But Ellen, didn’t you say before that Doctor Who is just a hokey sci-fi show we shouldn’t take seriously? Um, yes. Yes I have. Actually, I still stand by that statement and I don’t see that opinion changing either. What we need to remember, however, is that just because a TV show is a nerdy mess doesn’t mean that it cannot also have a lot of heart that tackles some universal subjects of the human condition, and that’s what we ended up getting by going from the romp that was Robot of Sherwood to this week’s episode: Listen.

Be aware that there are spoilers ahead, including personal meta. Please watch the episode before reading unless you do not mind spoilers.

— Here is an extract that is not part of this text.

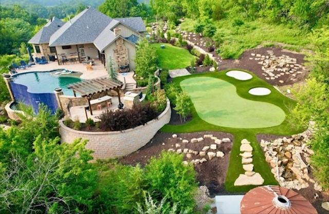 Dreams truly come alive in this one-of-a-kind custom Reverse 1.5 Story estate nestled on 9+ breathtaking acres in unincorporated Jackson County within the Lee’s Summit School District. This private retreat offers unmatched craftsmanship, panoramic treetop views & resort-level amenities that cannot be replicated. A grand front porch w/stone accents & custom doors welcomes you into a stunning interior featuring soaring 12-foot ceilings on both levels & architectural detail throughout. The main level showcases a dramatic living area w/west-facing views and a chef’s kitchen designed for everyday luxury and entertaining—complete with oversized island, custom shelving, walk-in pantry, double refrigerator/freezer combo, & oversized gas range. Light filled dining space, coffee bar-perfect for morning routines. The primary suite is a private sanctuary w/direct access to the covered patio for seamless indoor/outdoor living. The spa inspired bath features dual vanities,deep soaker tub, walk-in shower, & a generous walk-in closet w/custom built-ins. A main-level den (or 2nd bdrm) & convenient laundry complete the layout. The finished lower level is an entertainer’s dream featuring an oversized golf simulator & projector ,full wet bar, media/rec space, pool table area, exercise room w/sauna, & 2 additional bedroom suites each w/private baths & walk-in closets. A suspended garage provides rare lower-level 4th garage access—ideal for workshop, car collection, or storage. And then…This resort-caliber setting rivals luxury destinations. The vaulted covered patio w/stone FP creates year-round ambiance. Step outside to a spectacular infinity-edge pool with swim-up bar, tanning ledge, outdoor kitchen, & unobstructed treetop views offering 100% privacy. Entertain in your custom silo bar, practice on the putting green, unwind beside three cascading rock waterfalls surrounded by professional landscaping & custom exterior lighting. A signature property offering an unmatched lifestyle.

We start off the episode with Clara coming home from a disastrous first date with Danny Pink (Samuel Anderson, first seen in Into the Dalek). Going out for a drink had gotten postponed and eventually turned into dinner, which quickly devolved due to both parties’ awkwardness and insecurities. Clara leaves and returns to her flat an embarrassed and emotional wreck. Her recouping at home is intercut with said disaster date until she decides to turn in for the night. Instead the Doctor, with all his tact and pet-like tendencies, has parked the TARDIS in her room in order to wait for her return. He has, the entire time while away, been talking to himself (and likely hopped up on some intergalactic energy supplement) while trying to figure out the reasoning behind a near-universal nightmare based in primal fear. Convinced there is no such thing as coincidence, the Doctor has the TARDIS extract Clara’s timeline in order to go to the exact moment in her childhood when she first experienced such a dream. It’s sort of dangerous though, meeting one’s self, so the Doctor tells Clara to wait in the ship.

This does sound logical, especially coming from a character who is, while becoming increasingly prone to manically grinning, shown to be potentially scared out of his mind. What isn’t steeped in logic, however, is the fact that the TARDIS landed in Gloucester, where Clara has never been. Right timeframe, off the mark location-wise… what could go wrong?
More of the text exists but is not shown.